To support the use of low-carbon fuels in the power sector, electricity markets should be redesigned to reward flexibility, capacity and other system service contributions provided by low-carbon thermal power plants. This could be accompanied by support measures such as carbon pricing and/or other complementary policies, as well as regulatory frameworks to further decrease the remaining cost gap with incumbent generation. Support measures should be tailored towards cost-effective system integration and maximising the value of low-carbon dispatchable generation. They should also aim at fostering competition and improving environmental performance over time.

In any case, given expectations of increased competition from other forms of low-carbon dispatchable resources and other flexibility and storage options, as well as from possible retrofitting of fossil fuel plants with CCUS, the feasibility and competitiveness of low-carbon thermal power plants will need to be continuously and carefully assessed.

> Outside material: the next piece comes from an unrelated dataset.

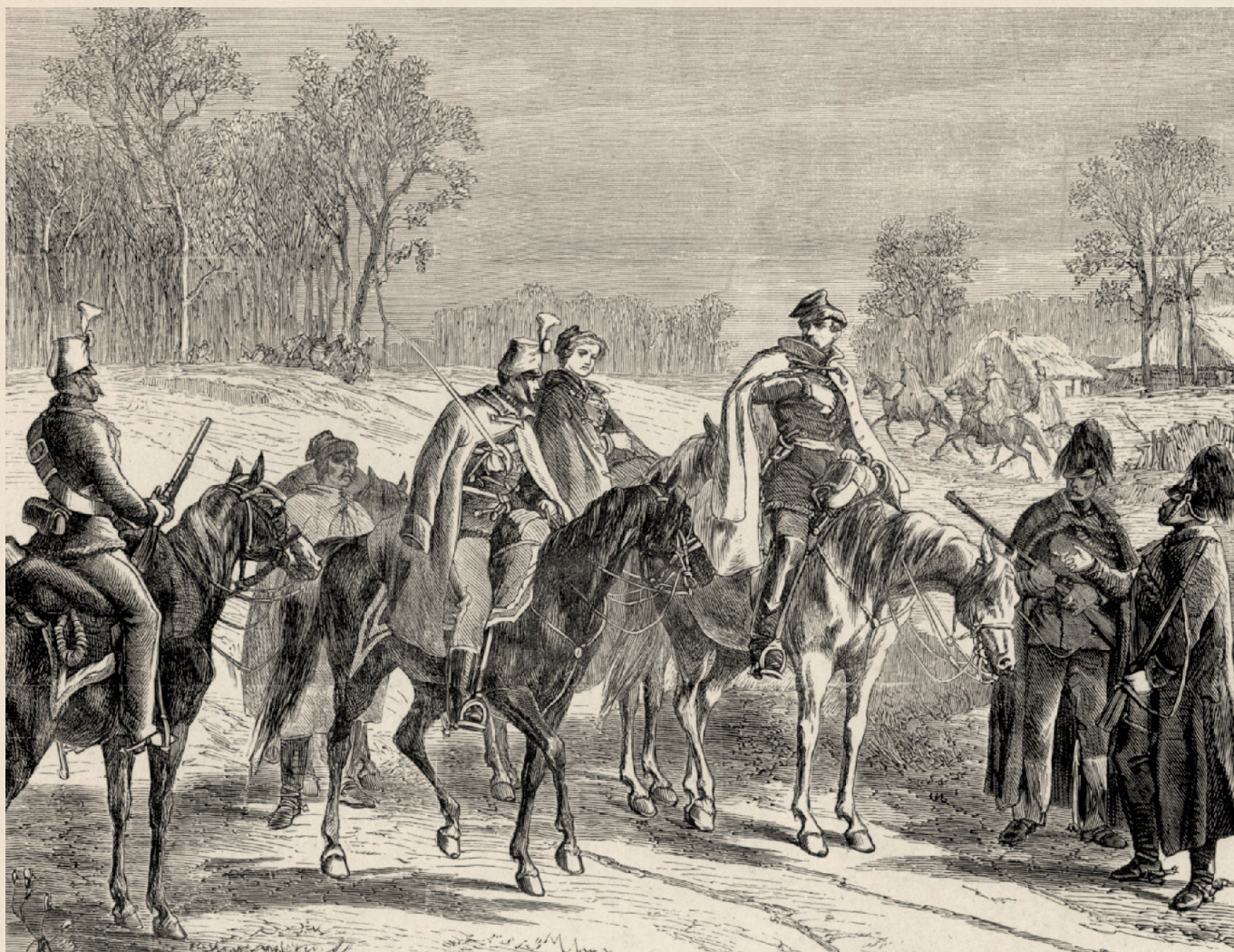
Pojmanie gen. Langiewicza przez Austriaków. Rycina z XIX wieku

Developing markets for low-carbon fuels and their supply chains by 2030 will establish significant opportunities in many countries and economic sectors

It is vital that economies with strong drivers for using low-carbon fuels successfully create demand, bring down costs and stabilise value chains by 2030. Only their success will open up opportunities to expand low-carbon fuel use in emerging and developing economies.

This is particularly relevant for countries with young fossil fuel fleets, after having implemented and utilised most of their existing flexibility resources, such as grids and interconnections, storage and demand-side response. For example, low-carbon fuels use is a possible long-term option for emerging economies in Southeast Asia. Power systems in this region already have considerable other latent flexibility that can be activated by targeted policy measures to address flexibility needs in the short term, while in the longer term there are opportunities for using low-carbon fuels in the existing thermal power plant fleet.

Displacing meaningful amounts of fossil fuels from power generation will require a major expansion of the supply infrastructure. This implies not just massive investments but also concerted and coordinated efforts across many stakeholders, including duly addressing health & safety risks related to the handling of hydrogen and ammonia.

Electrolyser and hydrogen transport capacity especially need to massively expand many times over their current size. Despite already being widely traded, transport volumes of ammonia are also small in comparison to the needs of the power sector. For example, co-firing 60% of ammonia in a coal power plant fleet of just 10 GWe – about 10 large coal plants - would mobilise an amount almost equivalent to the total ammonia traded worldwide today.

While the expansion of the supply infrastructure is a condition to develop markets for low-carbon hydrogen and ammonia in the power sector, it is also an important investment opportunity. Ultimately, using large volumes of low-carbon hydrogen and ammonia in the power sector will help establish supply chains and drive down costs through economies of scale and technological improvements, thereby complementing and mutually reinforcing the use of low-carbon in fuels in other hard-to-abate sectors such as long-haul transport and industry.